* _Exercise data_
====
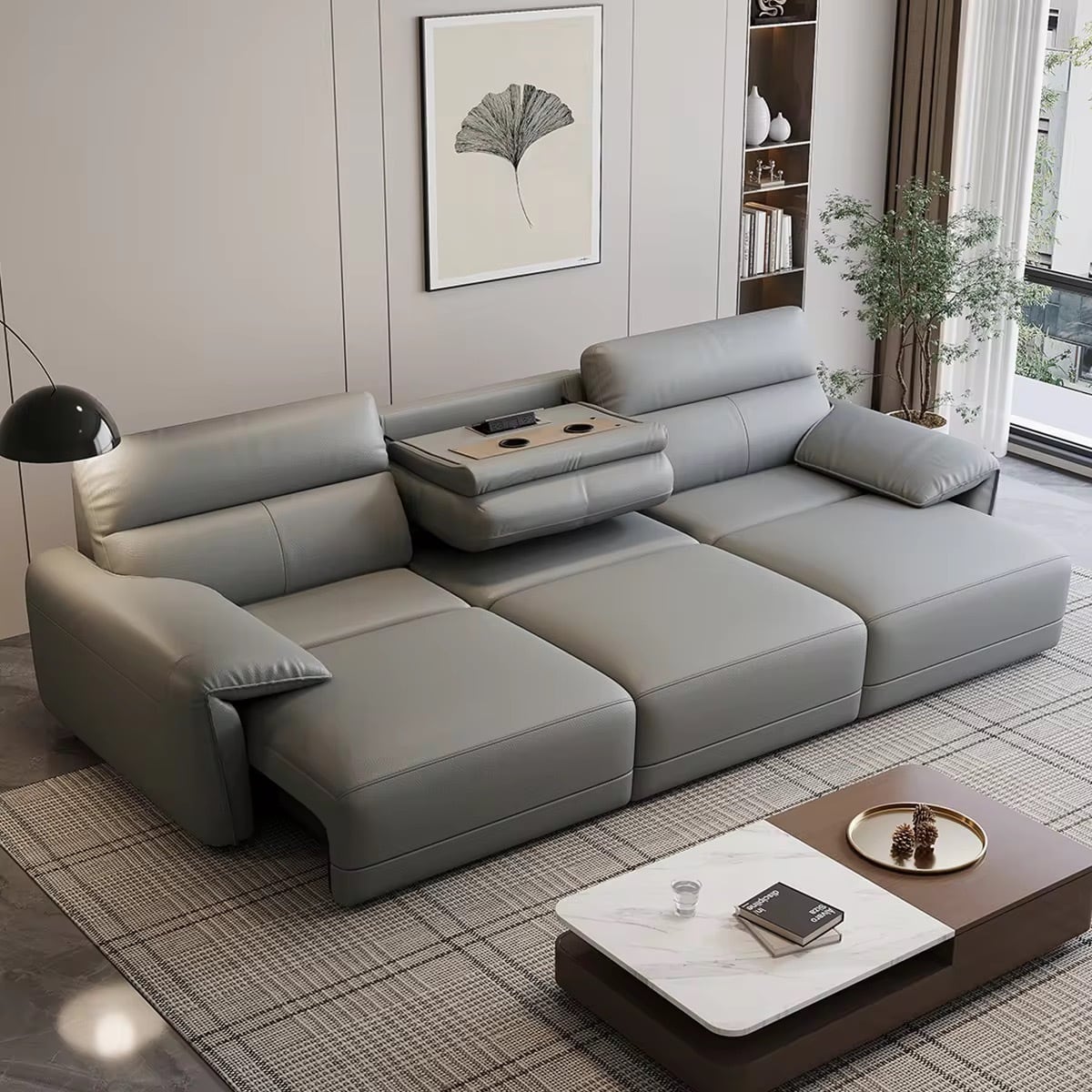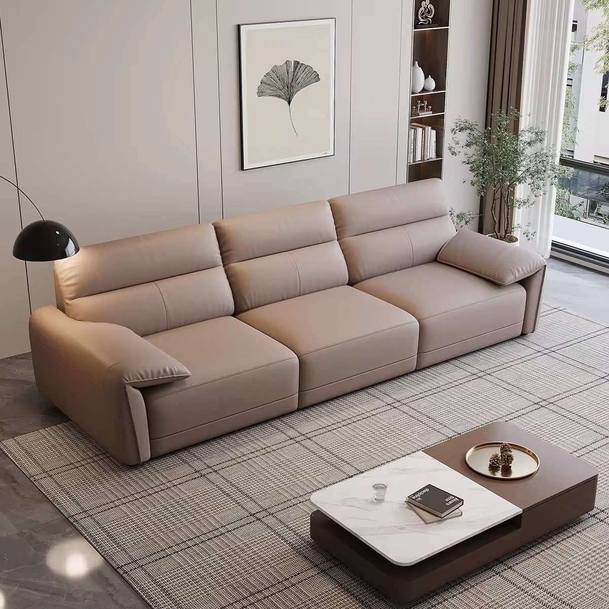 高級レザー仕上げと洗練されたモダンデザインが、リビングを格上げします。
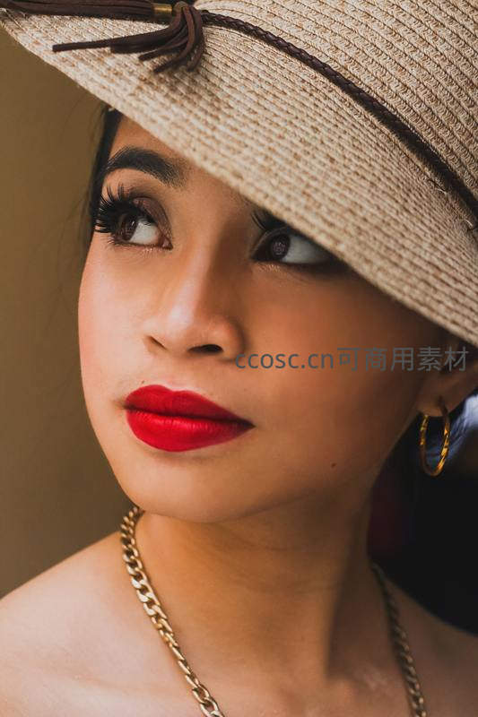 戴草帽红唇女性侧颜
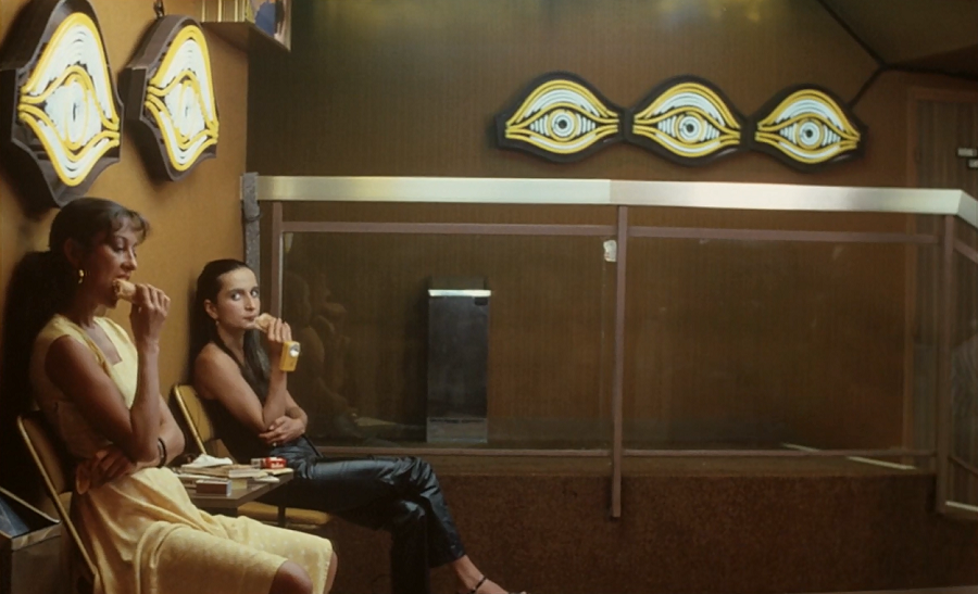 Mal visto, o hall de um cinema para o qual o olhar não se dirige habitualmente, estendido já para o fora de campo da tela, ainda mais mal visto aquele de um cinema pornô com seus clientes furtivos que querem se tornar invisíveis. Mal vista (no sentido popular), uma boate homossexual, ainda mais feminina, mal visto (e deslocado) subir em plena madrugada no carro de um paquerador. Porém, todos os lugares inquietantes, porque escondidos (logo mal vistos) se tornam centros de polarização do olhar, iluminados no meio da noite, e a presença de Simone, a forma com que ela tem de ocupá-los, de habitá-los, os torna de repente mais familiares que o possível.
====
* _Exercise aim_
Return an exact copy of the data above, apart from any pictures.

* _Written response_
 高級レザー仕上げと洗練されたモダンデザインが、リビングを格上げします。
 戴草帽红唇女性侧颜
 Mal visto, o hall de um cinema para o qual o olhar não se dirige habitualmente, estendido já para o fora de campo da tela, ainda mais mal visto aquele de um cinema pornô com seus clientes furtivos que querem se tornar invisíveis. Mal vista (no sentido popular), uma boate homossexual, ainda mais feminina, mal visto (e deslocado) subir em plena madrugada no carro de um paquerador. Porém, todos os lugares inquietantes, porque escondidos (logo mal vistos) se tornam centros de polarização do olhar, iluminados no meio da noite, e a presença de Simone, a forma com que ela tem de ocupá-los, de habitá-los, os torna de repente mais familiares que o possível.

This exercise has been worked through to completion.